Special Edition: Drinks Ingredients

Exploring drinks innovation for health and wellness

By Caroline Scott-Thomas

- Last updated on GMT

Related tags: Probiotic

Functional beverages make up one of the most dynamic parts of the beverage market, and with consumers becoming increasingly savvy about health and wellness, myriad opportunities have opened up for industry.

According to market researcher Zenith International, functional drink sales rose three percent in 2008 to 26.5bn litres – albeit somewhat impacted by the recession. Nevertheless, innovation is still strong, and drinks makers have been looking to new ingredients to deliver the benefits that consumers demand.

One emerging area of innovation has been probiotics and prebiotics in non-dairy drinks, which are now second only to dairy products for product launches containing the gut-friendly bacteria. Non-dairy beverages accounted for 10.7 percent of the global pre- and probiotics market in 2008, according to Datamonitor figures.

Danisco, for example, which has long provided cultures for dairy-based drinks, entered the probiotic juice category in January. The company explained that although fermented dairy has been considered the ideal vehicle for delivery of probiotic strains to the human gastrointestinal tract, its applications specialists had been working on inoculating probiotic strains into juices. Test results have shown that it can obtain a good survival of its probiotic strains in fruit juice over 40 days at 4°C, the company said.

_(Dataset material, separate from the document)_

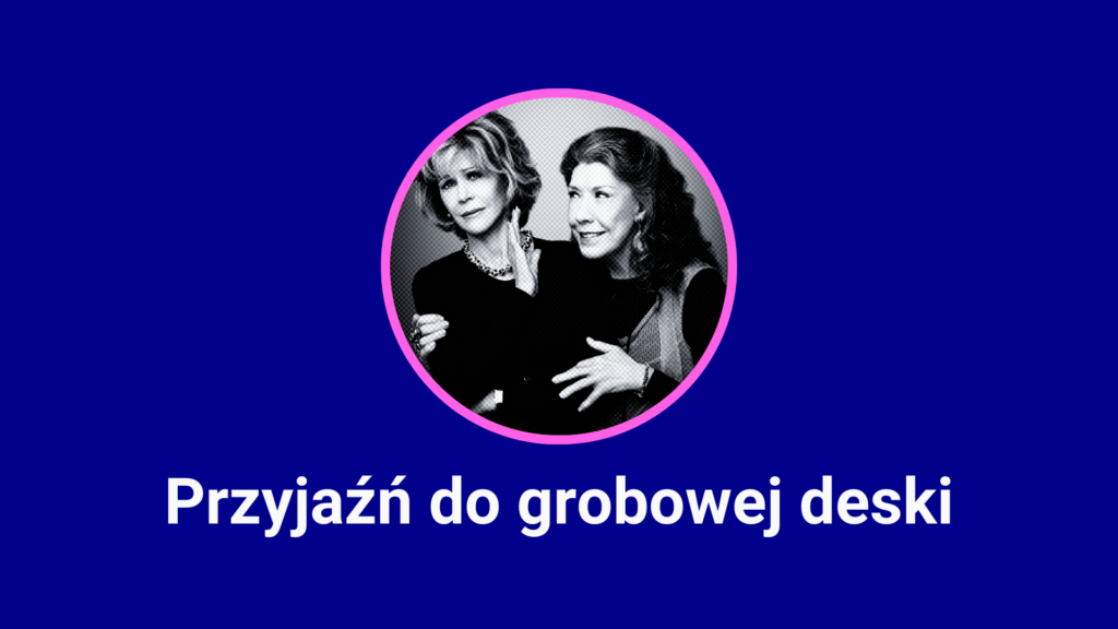 O czym w zasadzie jest ta opowieść, oprócz tego, że stanowi historię barwnych postaci ze skandalem w tle? Przede wszystkim o przyjaźni jako relacji priorytetowej w stosunku do więzi o charakterze romantycznym. Duża część popkulturowych tworów daje nam do zrozumienia, że druga połówka może być nią tylko, jeśli kocha w sposób, któremu towarzyszy popęd seksualny. A jednak miłość czy idea bratniej duszy niejedno ma imię. Grace i Frankie są tego idealnym przykładem. Ich planety krążą wokół siebie w niesamowitym tańcu – raz pędzą po orbitach oddalając się od siebie, to znów lgną ku sobie, bo taka jest naturalna kolej rzeczy. Doceniają się, wspierają, czerpią garściami ze swoich doświadczeń. W fabule jest oczywiście miejsce na obserwowanie satysfakcjonujących relacji romantycznych, choćby tej, którą śledzimy oglądając perypetie mężów głównych bohaterek czy związki tworzonych przez ich dzieci. Mamy jednak jasną informację, że nie wszystko jest trwałe, różnie w życiu bywa, ale prawdziwa bliskość (w postaci przyjaźni, rodziny) przetrwa próby.

In terms of prebiotics, said to create a balanced microflora environment in the gut where probiotic bacteria like bifidobacteria and lactobacilli can flourish, prebiotic fibres have been gaining increasing attention.

France-based acacia gum specialist Colloides Naturels International extended its Fibregum range in March to include Fibregum Clear, a soluble version made of at least 90 percent soluble fibre with a “strong prebiotic effect”,​ according to the company.

Healthy sports drinks

While there has been an upswing in sales of drinks with “good for you” ingredients, sales of sports drinks have slumped. In the United States, for instance, sales fell 12.3 percent last year, according to Beverage Marketing Corporation figures. However, coconut water – the clear liquid from the centre of young green coconuts – has emerged as a healthy alternative to the big energy drinks that have traditionally dominated the sports drink market. Coconut water sales are booming as fitness enthusiasts look to the low-calorie drink for its natural electrolytes, vitamins and minerals.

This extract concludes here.